Steve Jobs was not a fan of smaller-sized tablets, but it appears that his judgement was off in this regard. In domestic settings, the mini seems to work better.
Matt Baxter-Reynolds writes:
I had planned to keep both the iPad mini and my normal, full-sized iPad. In fact, I sold my full-sized iPad within a day of taking delivery of the mini. The mini just seemed to fit what I needed it for perfectly, whereas the full-sized iPad in comparison immediately felt faintly ridiculous.
It's telling that on the one hand a lot of products that seem to sell well in competition with the iPad are already on a "mini" scale:
- Nexus 7 is a popular Android tablet with 7" screen.
- The Kindle Fire tablets are each about that size.
- Samsung has pre-announced an 8" Galaxy Note.
At the same time, it's also telling that smartphones not made by Apple tend to be getting bigger:
- The Lumia 920, is a huge smartphone with a 4.5" screen.

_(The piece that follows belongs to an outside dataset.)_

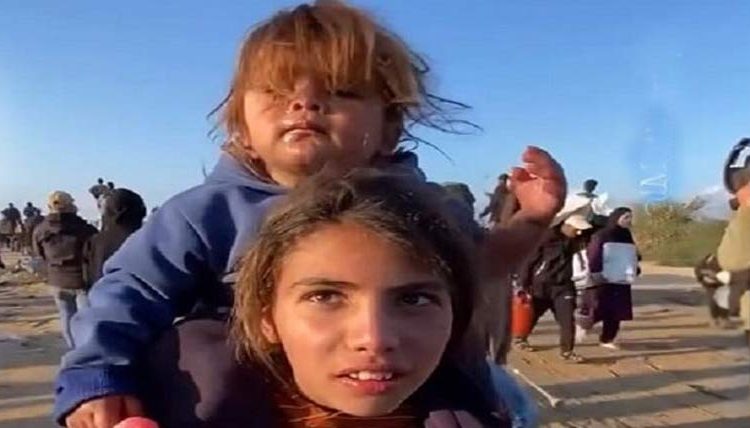 ننگے پاؤں اور بہن کو کندھے پر اٹھائے فلسطینی لڑکی کی شمالی غزہ میں سفر کرتے لڑکی نے لوگوں کے دل دہلا دیئے۔
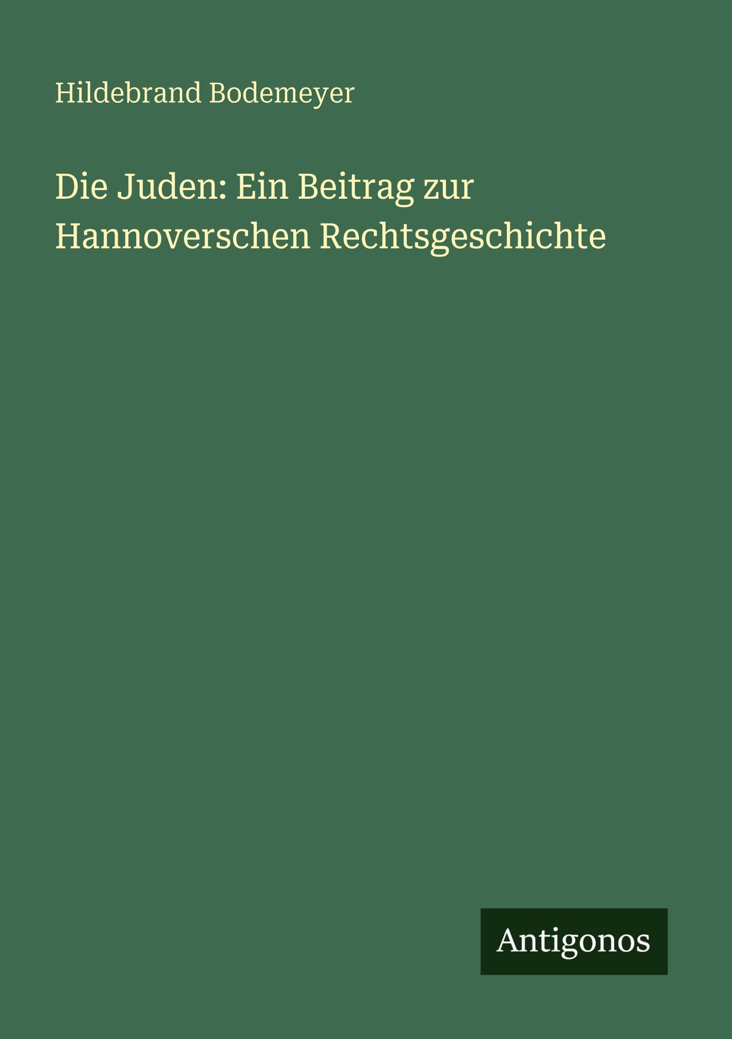 Hildebrand Bodemeyer: Die Juden: Ein Beitrag zur Hannoverschen Rechtsgeschichte, Kartoniert / Broschiert

- The Galaxy S III has a 4.8" screen.
- The Galaxy Note II has a 5.6" screen.
As ZDNet points out, there seems to be drift in screen sizes towards devices with screens that are -- for the sake of argument -- around 6" for a smartphone and around 8" for a tablet:
If the iPad mini is selling really well, it may have redefined the "natural" size of a domestic-use tablet as being a smaller device. Apple might have validated the previous decisions by Google to make the Nexus 7 small, and Amazon in making the Kindle Fire tablets small, even though I suspect those previous decisions had more to with the bill of materials than any sense as to the desires of the customer.
Microsoft may have a problem here. The smallest Windows 8 or Windows RT tablet that you can buy is "big tablet" sized and no one is making a small Windows 8 tablet. The problem with Microsoft's positioning of Windows in a post-PC world is its (understandable) obsession with Office and with keyboards. This makes life really difficult for an OEM trying to make a small tablet as you'd need to make a very small keyboard to go with it. You're then looking at something more like the now relatively ancient Toshiba Libretto, which might be a tough sell as today that looks an awful lot like a netbook.
Unless one of the OEMs does something amazingly bold, Windows tablets look like they're stuck in a 10" or greater world. That would mean that Microsoft has managed to accidentally entirely miss what seems like an obvious and logically-defensible market shift to smaller tablets in the domestic-use space.